The effect of flexible chain length on the thermal and mechanical properties such as melting temperature, glass transition temperature, dynamic mechanical relaxation behavior, and uniaxial tensile deformation for melt-quenched poly(m-methylene 2,6-naphthalate) (PmN) films was investigated using differential scanning calorimeter (DSC), dynamic mechanical thermal analyzer, and universal tensile machine. It was found from DSC thermograms that PmNs with even number of methylene group have higher melting temperatures and faster crystallization rates than PmNs with odd number of methylene group, showing an odd–even fluctuation.

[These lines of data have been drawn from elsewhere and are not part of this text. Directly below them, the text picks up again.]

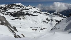 Ca. 10 min. mit den Skiern der Strasse folgend und danach diese tragend bis Höhe 1900 (alter Alpweg) bilden das etwas unangenehme kurze Zwischenstück.
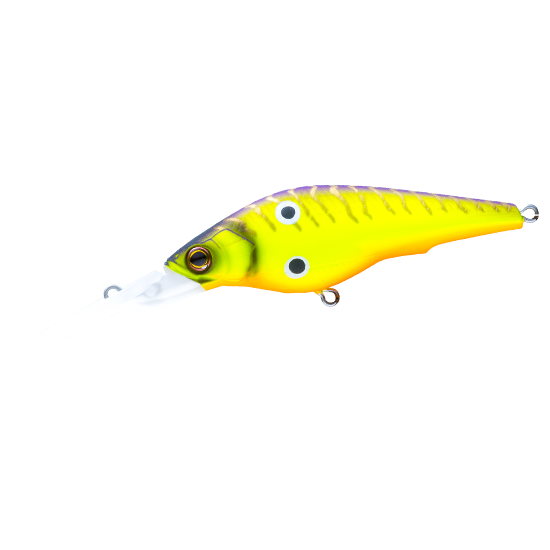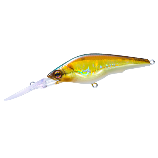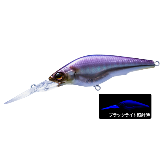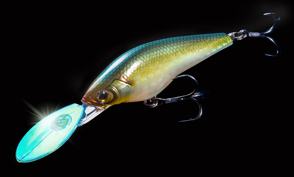 ① リップに搭載した透明ホログラムが、潜行時には太陽光を反射して遠くのバスにルアーの存在をアピール。
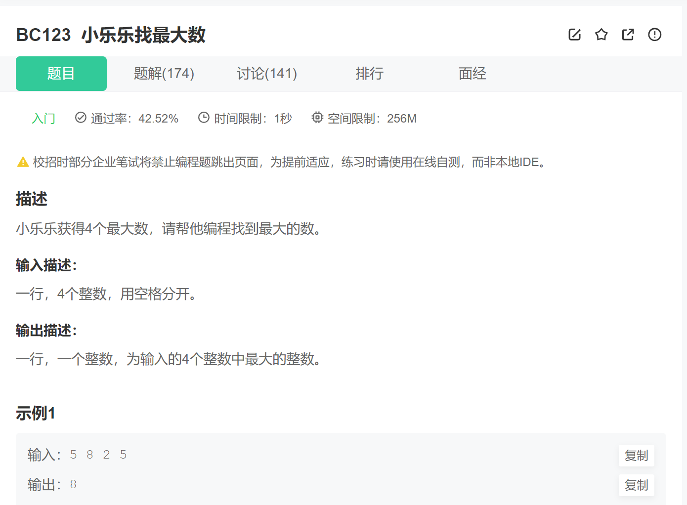前言:上一篇博客又带大家刷了一些相对来说简单的代码题目,本篇文章我们将继续练习下面的题目。这些题目的难度已经有的挖了大坑,大家做的时候要留意,如果做不出来,看了代码演示后要自己多敲几遍,去理解代码的逻辑。 宇宙安全声明:鉴于博主能力有限,本专栏适用于代码小白刷题,大佬们多多包涵(抱拳)!

The plots of tan δ versus temperature show that all PmN samples have three relaxation processes (β, β∗, and α) regardless of the number of methylene group in their backbone. It was found that both β∗- and α-relaxations are cooperative processes and that the activation energies of both relaxations as well as the glass transition temperature associated with the α-relaxation show odd–even fluctuations as a function of the number of methylene group. The initial tensile modulus at the low drawing rate of 0.15 cm/min also shows an odd–even fluctuation. In summary, the macroscopic thermal and mechanical properties of PmN such as melting temperature, glass transition temperature, crystallization rate, activation energies of α- and β∗-relaxations, and initial modulus measured under a slow drawing rate exhibit odd–even fluctuations as the number of methylene group in PmN increases.